**Exercise directions:**
Skip the pictures, and retype the data below in full, exactly.

**Information shown:**

____

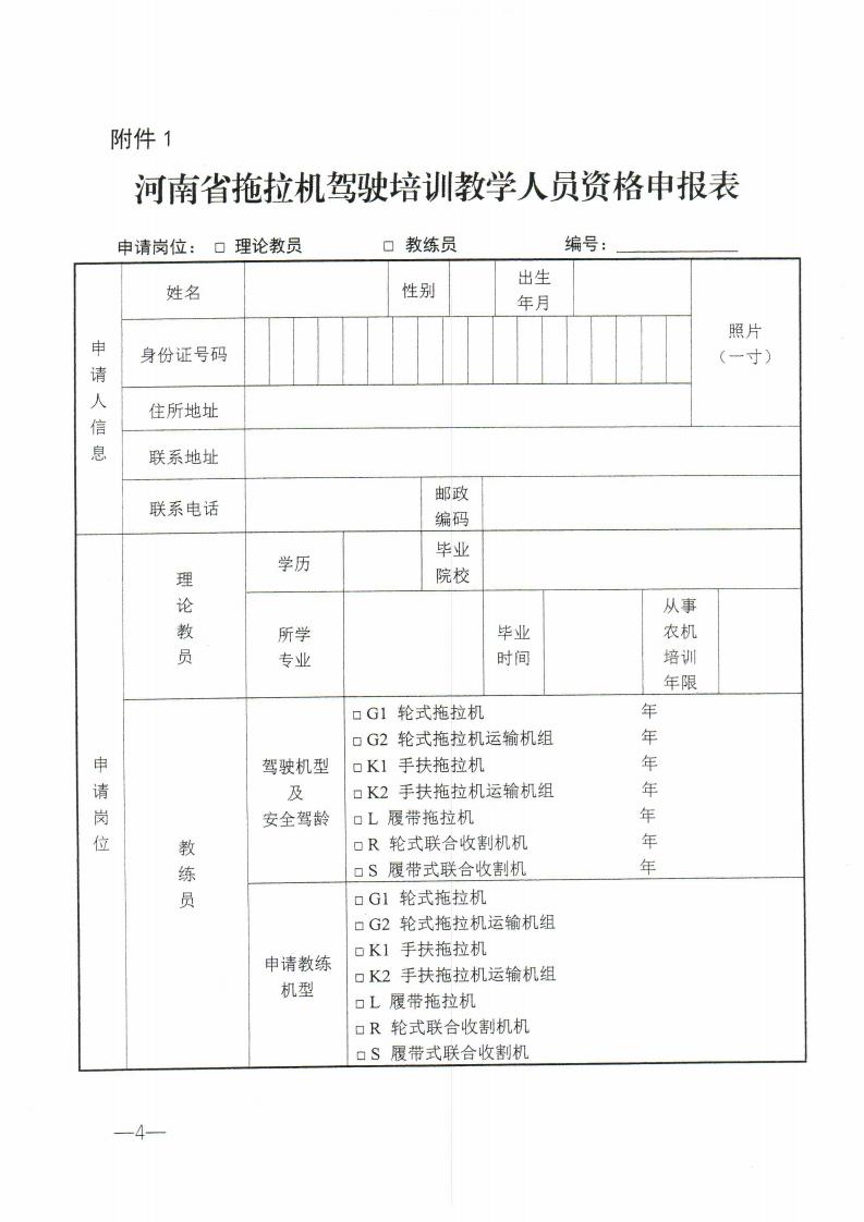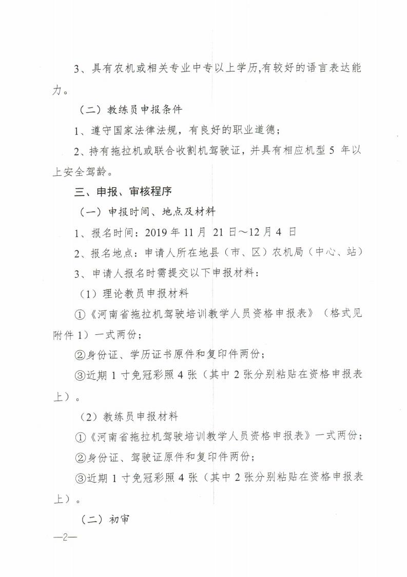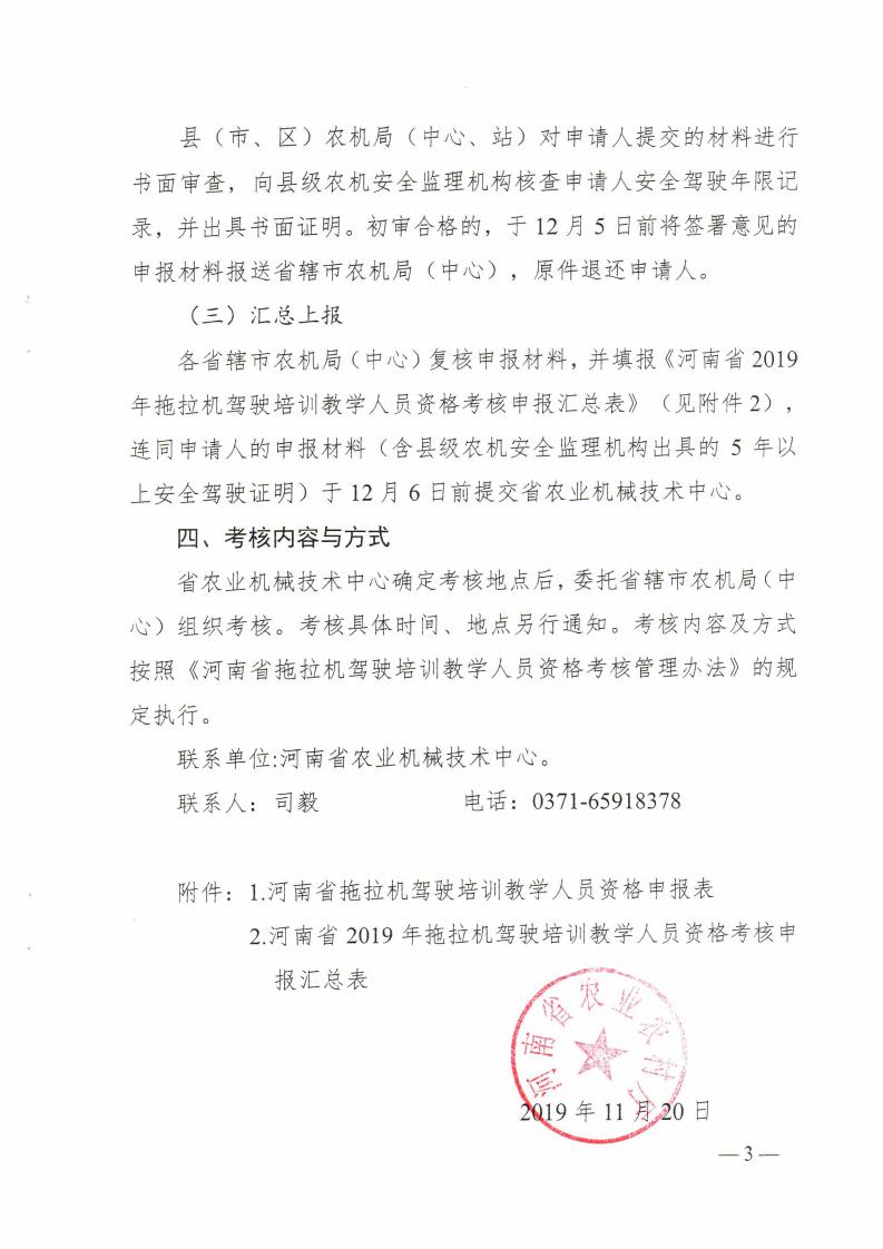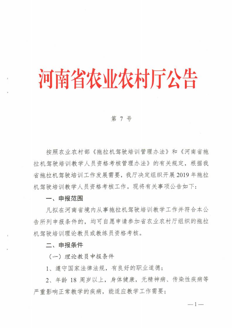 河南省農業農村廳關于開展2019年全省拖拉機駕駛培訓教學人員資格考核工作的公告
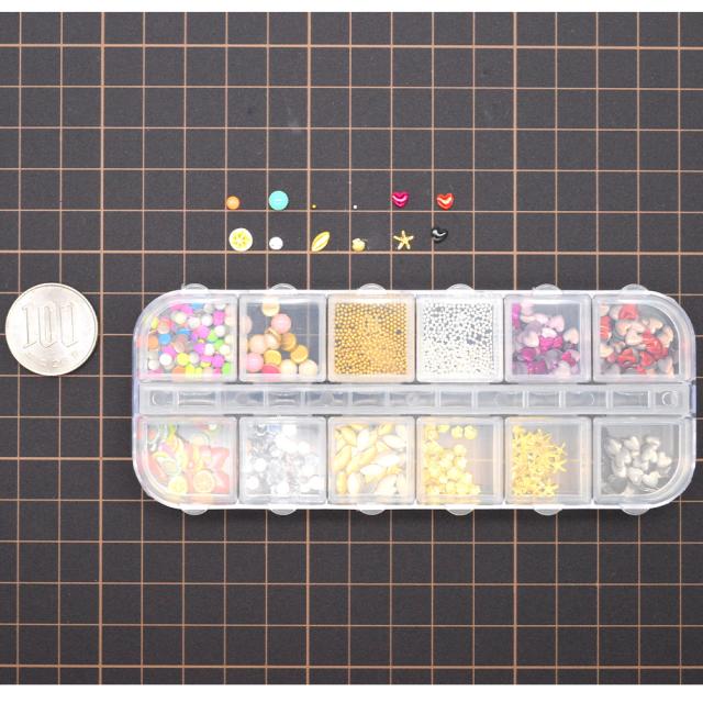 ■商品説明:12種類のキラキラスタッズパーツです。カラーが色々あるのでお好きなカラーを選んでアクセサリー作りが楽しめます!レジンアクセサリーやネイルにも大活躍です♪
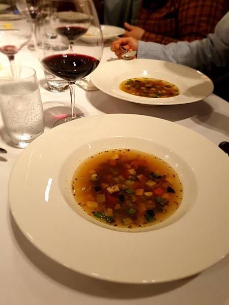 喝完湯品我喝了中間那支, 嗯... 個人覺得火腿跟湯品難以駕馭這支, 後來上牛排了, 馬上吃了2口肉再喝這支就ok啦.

____

**Expected answer:**
 河南省農業農村廳關于開展2019年全省拖拉機駕駛培訓教學人員資格考核工作的公告
 ■商品説明:12種類のキラキラスタッズパーツです。カラーが色々あるのでお好きなカラーを選んでアクセサリー作りが楽しめます!レジンアクセサリーやネイルにも大活躍です♪
 喝完湯品我喝了中間那支, 嗯... 個人覺得火腿跟湯品難以駕馭這支, 後來上牛排了, 馬上吃了2口肉再喝這支就ok啦.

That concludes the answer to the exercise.